__TO DO__. Transcribe the listing that follows in full, omitting pictures.

__DATA SHOWN__.
-------

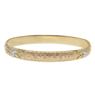 14K Yellow Gold 8mm medium weight bracelet, size 7.5 "ROYAL MONARCH" design with a diamond cut edge. "RIGGS-TIRRE" will be on the outside of the bracelet in raised rose gold lettering. Two flowers will be white gold and set with diamonds.
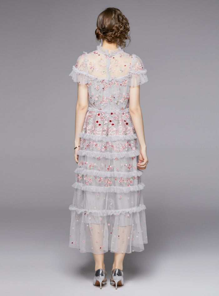 Round Neck Lotus Leaf Short Sleeve Perspective Gauze Dress
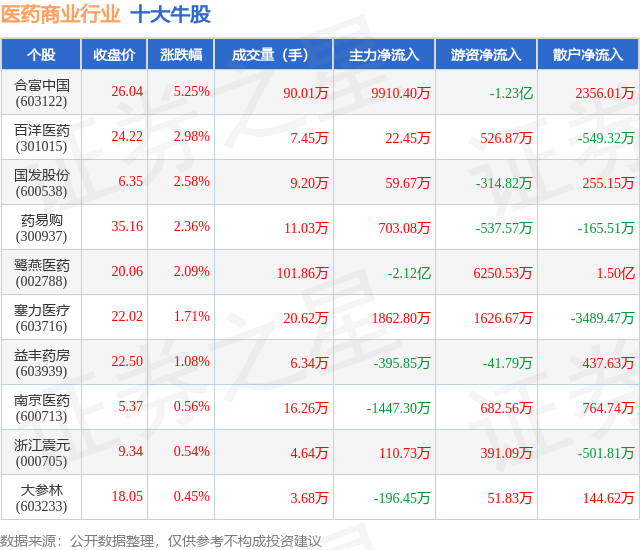 个股表现方面,医药商业行业当日领涨股为合富中国(603122),该股当日报收26.04,上涨5.25%,成交量90.01万,主力资金净流入9910.4万元。百洋医药(301015)以上涨2.98%紧随其后,该股当日成交量7.45万,主力资金净流入22.45万元。除此之外,国发股份(600538)、药易购(300937)、鹭燕医药(002788)均进入当日牛股之列。具体个股列表见下表:
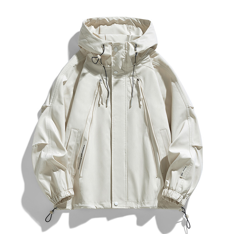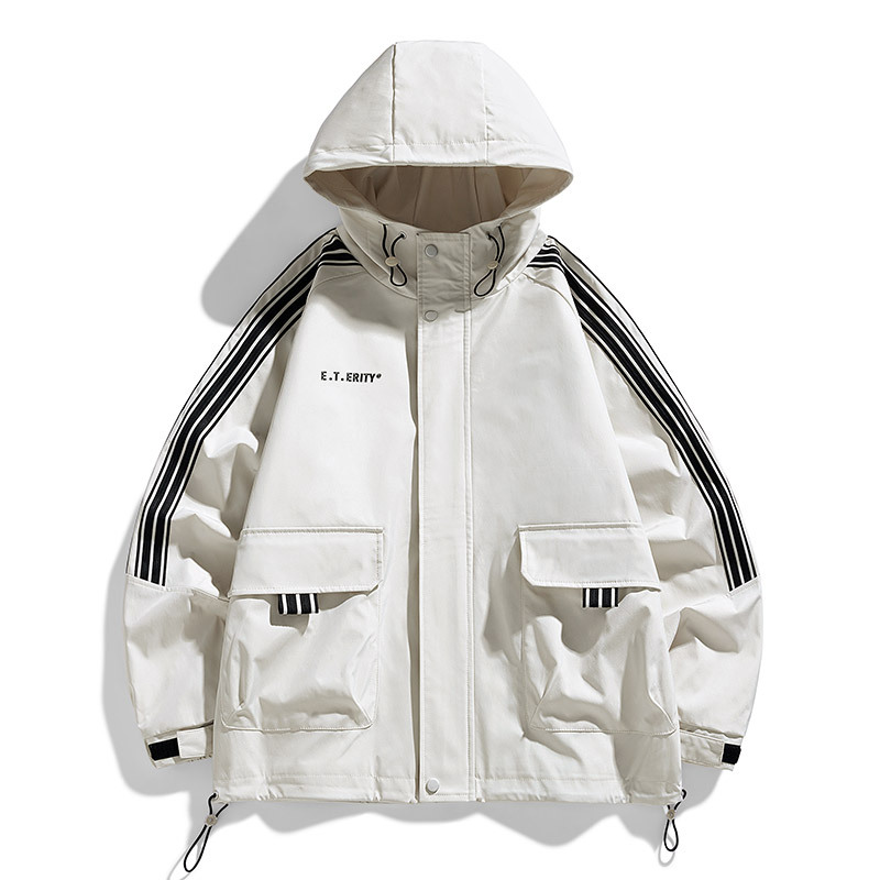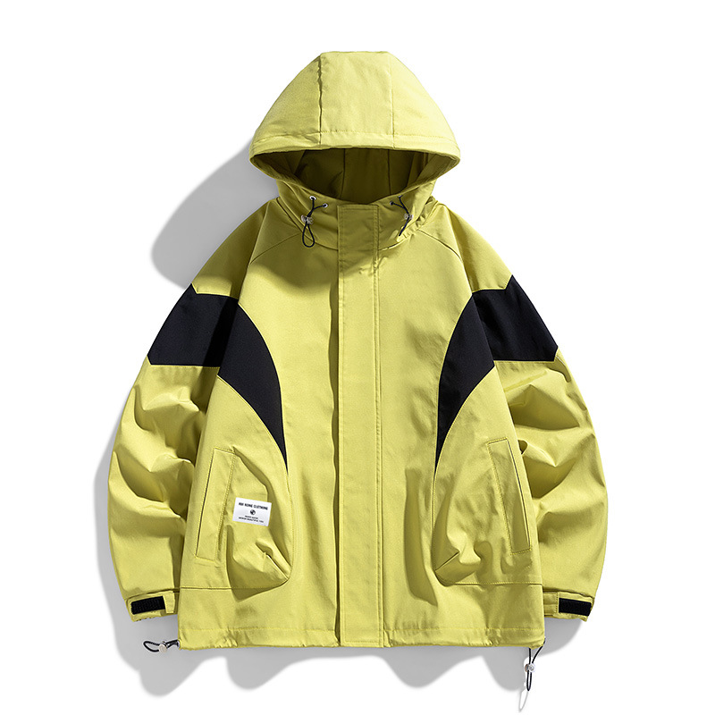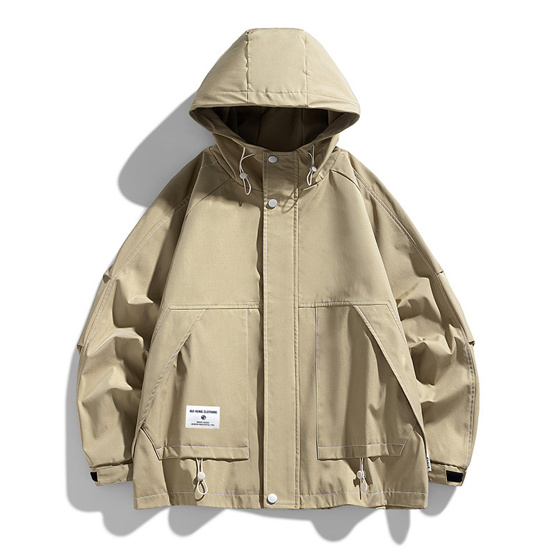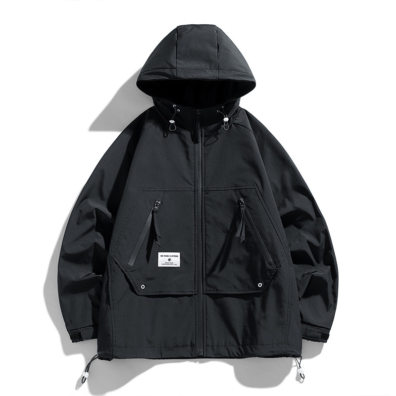 M-8XLフード付きジャケット男性春秋新作insファッションブランド純色防風防水ジャケット

-------

__EXPECTED ANSWER__.
 14K Yellow Gold 8mm medium weight bracelet, size 7.5 "ROYAL MONARCH" design with a diamond cut edge. "RIGGS-TIRRE" will be on the outside of the bracelet in raised rose gold lettering. Two flowers will be white gold and set with diamonds.
 Round Neck Lotus Leaf Short Sleeve Perspective Gauze Dress
 个股表现方面,医药商业行业当日领涨股为合富中国(603122),该股当日报收26.04,上涨5.25%,成交量90.01万,主力资金净流入9910.4万元。百洋医药(301015)以上涨2.98%紧随其后,该股当日成交量7.45万,主力资金净流入22.45万元。除此之外,国发股份(600538)、药易购(300937)、鹭燕医药(002788)均进入当日牛股之列。具体个股列表见下表:
 M-8XLフード付きジャケット男性春秋新作insファッションブランド純色防風防水ジャケット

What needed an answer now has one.